Painting as Object: The Lateral Expansion, concentrates on the evolution and continuity of César’s idea from his early lateral vision canvases through his most recent works.
Edward J. Sullivan’s catalogue introduction and his thought provoking exchange with the artist in their e-mail dialogue bring significant insights to the innovative concept of painting as object.
Paternosto’s thoughts are succinctly put in his essay Painting as Object: Geometric Forms and Lateral Expansions; and his extensive updated chronology make this catalogue a substantial document of record.
After living in New York for almost four decades, Paternosto moved to Spain in 2004 where his work received great appreciation following his retrospective exhibition at the Esteban Vicente Museum of Contemporary Art in Segovia. He continues to work and live in Segovia.
An exhibition catalogue with essay by Edward J. Sullivan is available.
b. 1931 La Plata, Argentina – lives in Segovia, Spain
After beginning his career working in an informalist mode, followed by a brief period of lyrical figuration, Paternosto first created artworks based on Geometric Abstraction in the early 1960s. By the end of this decade, his formal and theoretical explorations led the artist to push beyond the very boundaries of the medium of painting. Leaving the surface of the canvas blank, Paternosto shifted the emphasis of his artworks to their outer edges, converting his paintings into objects, and rebelling against the inherited tradition of only viewing paintings frontally. Since this breakthrough, he has remained on the vanguard of abstraction in both New York, where he lived for over four decades, and Latin America.

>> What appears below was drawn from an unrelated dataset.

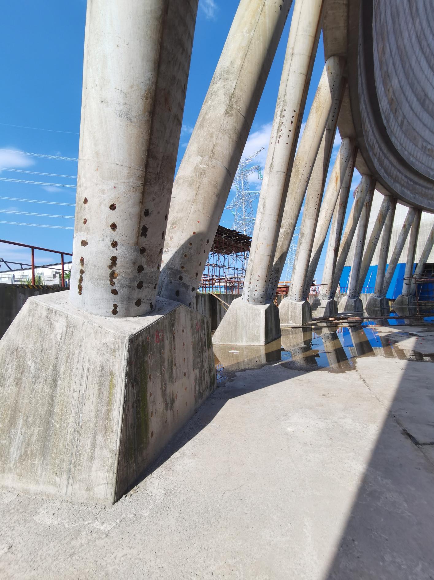 豐城電廠7#冷卻塔因發(fā)生過特大安全生產(chǎn)事故,為各方所關(guān)注。2020年復工后,巨成結(jié)構(gòu)憑借過硬的技術(shù)實力,榮譽承接了冷卻塔筒壁設計與加固工程。該工程屬于高危項目,開工前,巨成結(jié)構(gòu)的設計方案和施工組織設計均通過了專家論證。其中采用的多項巨成專有技術(shù)也得到了各位專家的認可,如:擴孔自鎖錨固技術(shù)保證新舊混凝土緊密結(jié)合、補償收縮細石混凝土保證施工質(zhì)量、便攜式鋼平臺保證施工安全、曲線施工升降機保證垂直運輸。

In addition to his career as a painter, Paternosto has studied Pre-Columbian art with academic rigor. This expertise has
not only influenced his artistic practices, but has also led him to assume scholarly and curatorial roles, including the international exhibition, Abstraction: The Amerindian Paradigm. In 2005, the artist moved to Segovia, Spain, where, just a year prior, a major retrospective of his work had been on view at the Esteban Vicente Museum of Contemporary Art. Paintings by Paternosto are found in various prestigious collections, including the Museum of Modern Art, New York; the Solomon R. Guggenheim Museum, New York; the Museum of Fine Arts, Boston; the Museo Reina Sofia, Madrid; the Kunstmuseum, Bern, Switzerland; and the Städtisches Museum Abteiberg, Mönchengladbach, Germany, amongst others.